**PROVIDED ENTRIES:**
Start of Block

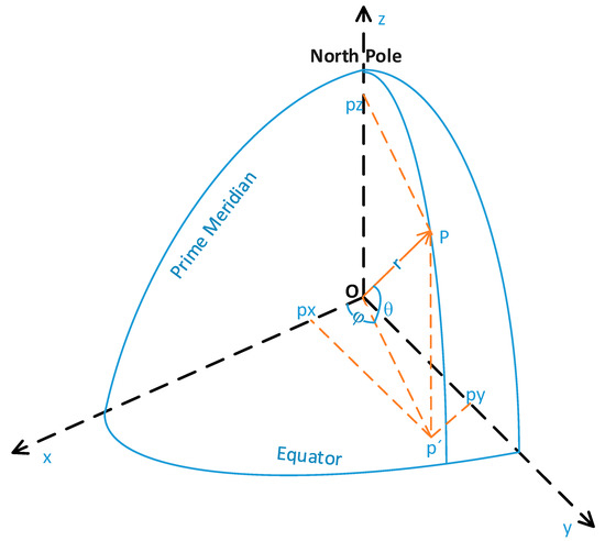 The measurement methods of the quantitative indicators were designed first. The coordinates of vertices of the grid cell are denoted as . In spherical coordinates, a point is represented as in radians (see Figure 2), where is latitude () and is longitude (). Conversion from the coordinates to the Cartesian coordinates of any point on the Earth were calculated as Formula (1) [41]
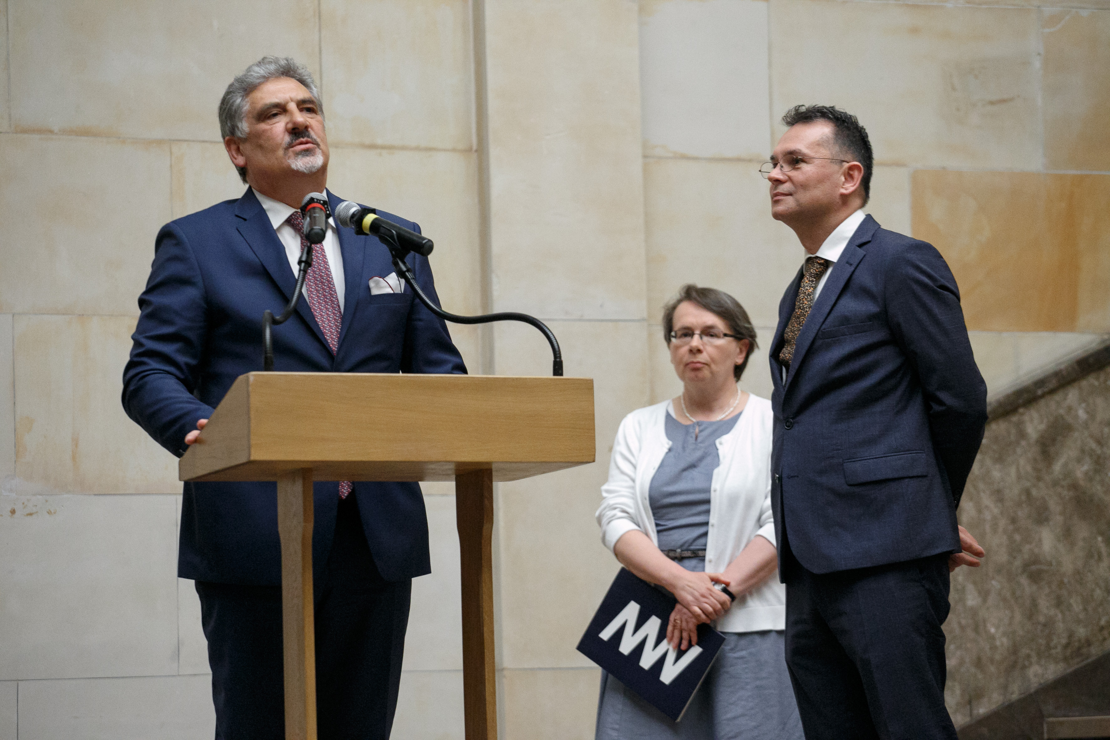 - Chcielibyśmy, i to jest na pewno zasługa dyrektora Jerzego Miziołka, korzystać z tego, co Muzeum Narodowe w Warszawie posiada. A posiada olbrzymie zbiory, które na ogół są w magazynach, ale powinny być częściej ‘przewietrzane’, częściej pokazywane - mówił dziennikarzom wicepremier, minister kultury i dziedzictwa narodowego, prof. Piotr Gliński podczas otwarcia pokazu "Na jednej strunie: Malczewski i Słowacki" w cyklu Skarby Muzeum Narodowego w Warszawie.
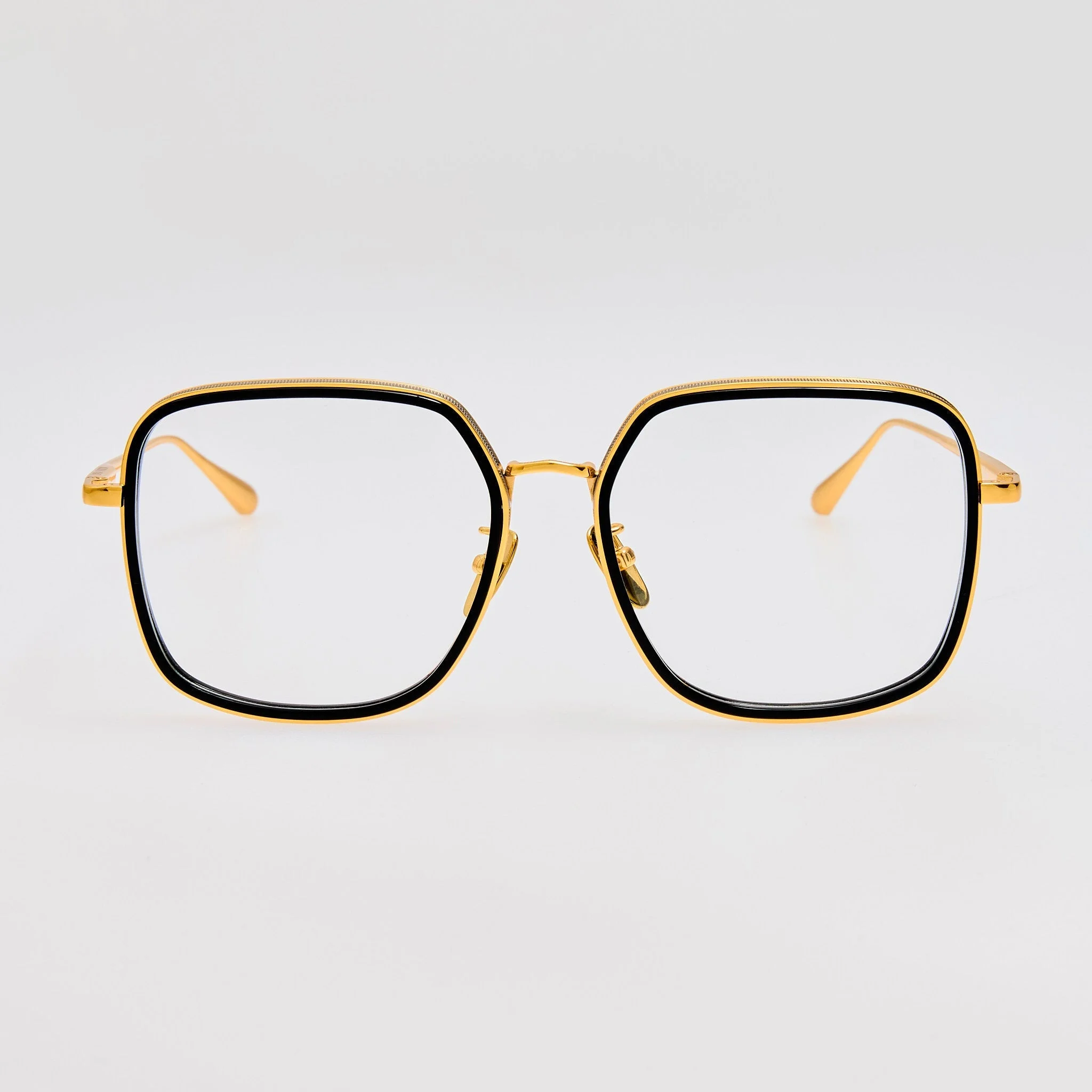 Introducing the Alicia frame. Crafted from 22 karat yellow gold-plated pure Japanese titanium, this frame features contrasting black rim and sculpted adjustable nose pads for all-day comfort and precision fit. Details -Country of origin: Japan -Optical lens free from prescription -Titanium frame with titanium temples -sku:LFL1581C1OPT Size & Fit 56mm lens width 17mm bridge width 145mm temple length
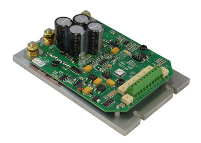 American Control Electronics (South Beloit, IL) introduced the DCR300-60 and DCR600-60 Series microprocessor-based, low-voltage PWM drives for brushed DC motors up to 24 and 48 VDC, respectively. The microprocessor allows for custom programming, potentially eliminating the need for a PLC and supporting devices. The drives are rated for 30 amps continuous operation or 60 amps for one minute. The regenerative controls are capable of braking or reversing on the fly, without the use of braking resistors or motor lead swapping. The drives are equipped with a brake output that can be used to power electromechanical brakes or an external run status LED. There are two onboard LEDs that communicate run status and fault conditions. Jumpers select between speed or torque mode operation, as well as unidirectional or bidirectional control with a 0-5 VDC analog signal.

End of Block
Start of Block

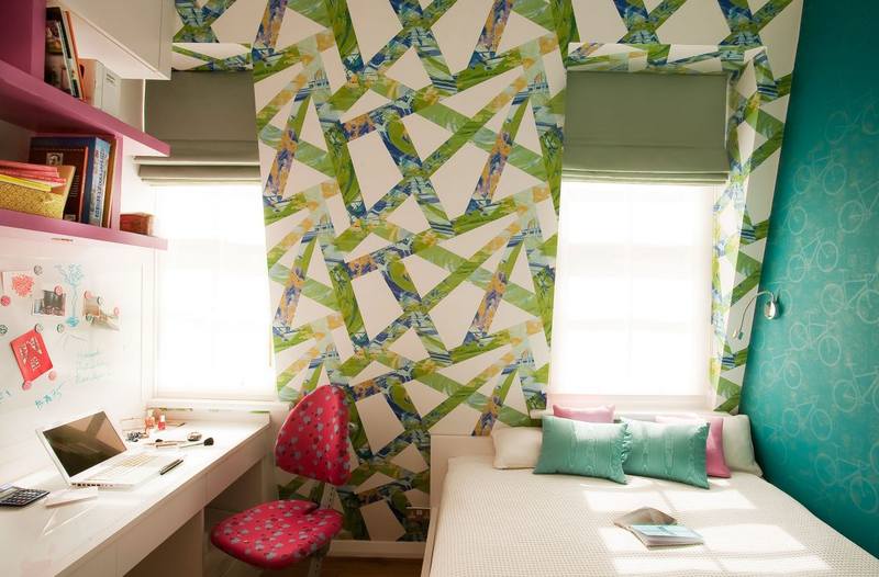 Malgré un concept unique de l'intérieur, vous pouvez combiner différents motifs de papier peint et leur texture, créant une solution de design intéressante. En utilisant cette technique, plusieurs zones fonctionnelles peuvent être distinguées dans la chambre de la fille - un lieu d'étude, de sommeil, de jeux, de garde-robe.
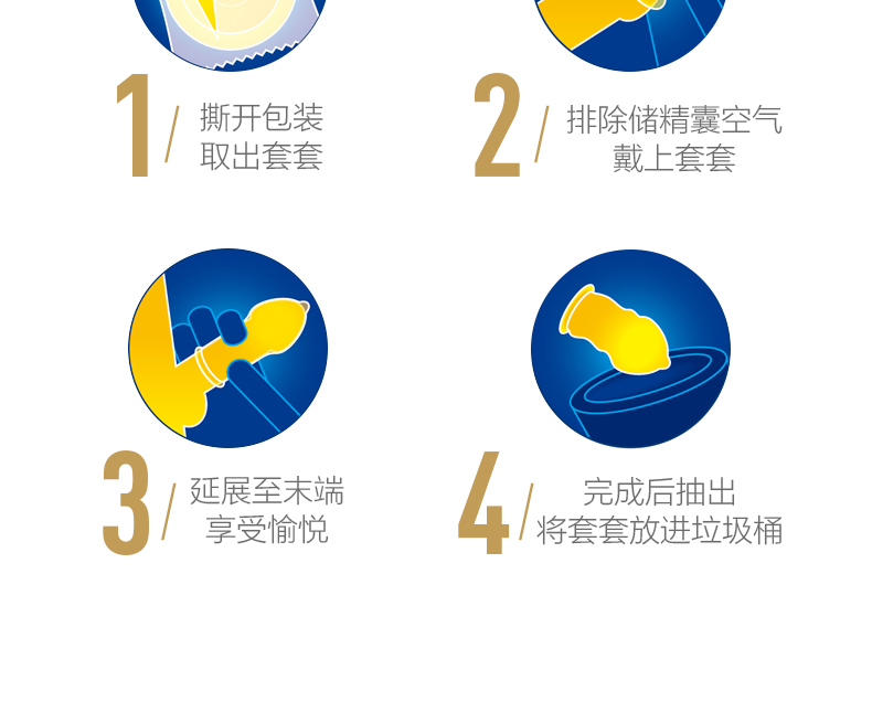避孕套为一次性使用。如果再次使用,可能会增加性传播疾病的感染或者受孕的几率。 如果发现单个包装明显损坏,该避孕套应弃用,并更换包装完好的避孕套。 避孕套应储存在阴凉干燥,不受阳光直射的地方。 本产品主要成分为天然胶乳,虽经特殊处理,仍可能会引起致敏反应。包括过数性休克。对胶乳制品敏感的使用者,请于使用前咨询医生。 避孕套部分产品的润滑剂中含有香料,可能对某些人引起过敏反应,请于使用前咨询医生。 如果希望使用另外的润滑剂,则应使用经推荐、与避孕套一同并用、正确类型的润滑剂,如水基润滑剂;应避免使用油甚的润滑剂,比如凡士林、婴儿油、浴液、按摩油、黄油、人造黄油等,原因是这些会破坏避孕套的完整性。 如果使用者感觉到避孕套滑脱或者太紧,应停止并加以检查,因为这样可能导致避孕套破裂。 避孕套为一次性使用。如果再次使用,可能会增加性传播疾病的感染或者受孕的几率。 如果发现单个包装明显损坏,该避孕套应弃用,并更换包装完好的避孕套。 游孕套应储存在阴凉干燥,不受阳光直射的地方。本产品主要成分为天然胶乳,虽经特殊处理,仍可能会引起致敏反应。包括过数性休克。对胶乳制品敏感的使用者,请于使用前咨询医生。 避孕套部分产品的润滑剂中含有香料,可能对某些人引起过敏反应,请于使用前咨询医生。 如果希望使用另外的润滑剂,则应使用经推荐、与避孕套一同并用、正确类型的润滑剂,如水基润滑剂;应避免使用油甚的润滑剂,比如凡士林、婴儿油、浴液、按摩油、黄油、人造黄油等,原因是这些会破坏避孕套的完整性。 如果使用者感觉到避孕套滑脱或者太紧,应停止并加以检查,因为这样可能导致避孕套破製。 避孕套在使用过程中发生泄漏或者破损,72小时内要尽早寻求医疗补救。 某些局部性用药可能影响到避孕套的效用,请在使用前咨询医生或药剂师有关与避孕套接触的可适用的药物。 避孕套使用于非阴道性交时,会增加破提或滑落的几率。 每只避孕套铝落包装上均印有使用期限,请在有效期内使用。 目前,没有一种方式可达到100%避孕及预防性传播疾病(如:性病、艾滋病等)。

End of Block

**PROBLEM TO WORK ON:** Now transcribe the lines above exactly, starting at the line containing "The measurement methods" and ending at the line containing "American Control Electronics", both lines included, pictures excluded.

**EXERCISE RESPONSE:**
 The measurement methods of the quantitative indicators were designed first. The coordinates of vertices of the grid cell are denoted as . In spherical coordinates, a point is represented as in radians (see Figure 2), where is latitude () and is longitude (). Conversion from the coordinates to the Cartesian coordinates of any point on the Earth were calculated as Formula (1) [41]
 - Chcielibyśmy, i to jest na pewno zasługa dyrektora Jerzego Miziołka, korzystać z tego, co Muzeum Narodowe w Warszawie posiada. A posiada olbrzymie zbiory, które na ogół są w magazynach, ale powinny być częściej ‘przewietrzane’, częściej pokazywane - mówił dziennikarzom wicepremier, minister kultury i dziedzictwa narodowego, prof. Piotr Gliński podczas otwarcia pokazu "Na jednej strunie: Malczewski i Słowacki" w cyklu Skarby Muzeum Narodowego w Warszawie.
 Introducing the Alicia frame. Crafted from 22 karat yellow gold-plated pure Japanese titanium, this frame features contrasting black rim and sculpted adjustable nose pads for all-day comfort and precision fit. Details -Country of origin: Japan -Optical lens free from prescription -Titanium frame with titanium temples -sku:LFL1581C1OPT Size & Fit 56mm lens width 17mm bridge width 145mm temple length
 American Control Electronics (South Beloit, IL) introduced the DCR300-60 and DCR600-60 Series microprocessor-based, low-voltage PWM drives for brushed DC motors up to 24 and 48 VDC, respectively. The microprocessor allows for custom programming, potentially eliminating the need for a PLC and supporting devices. The drives are rated for 30 amps continuous operation or 60 amps for one minute. The regenerative controls are capable of braking or reversing on the fly, without the use of braking resistors or motor lead swapping. The drives are equipped with a brake output that can be used to power electromechanical brakes or an external run status LED. There are two onboard LEDs that communicate run status and fault conditions. Jumpers select between speed or torque mode operation, as well as unidirectional or bidirectional control with a 0-5 VDC analog signal.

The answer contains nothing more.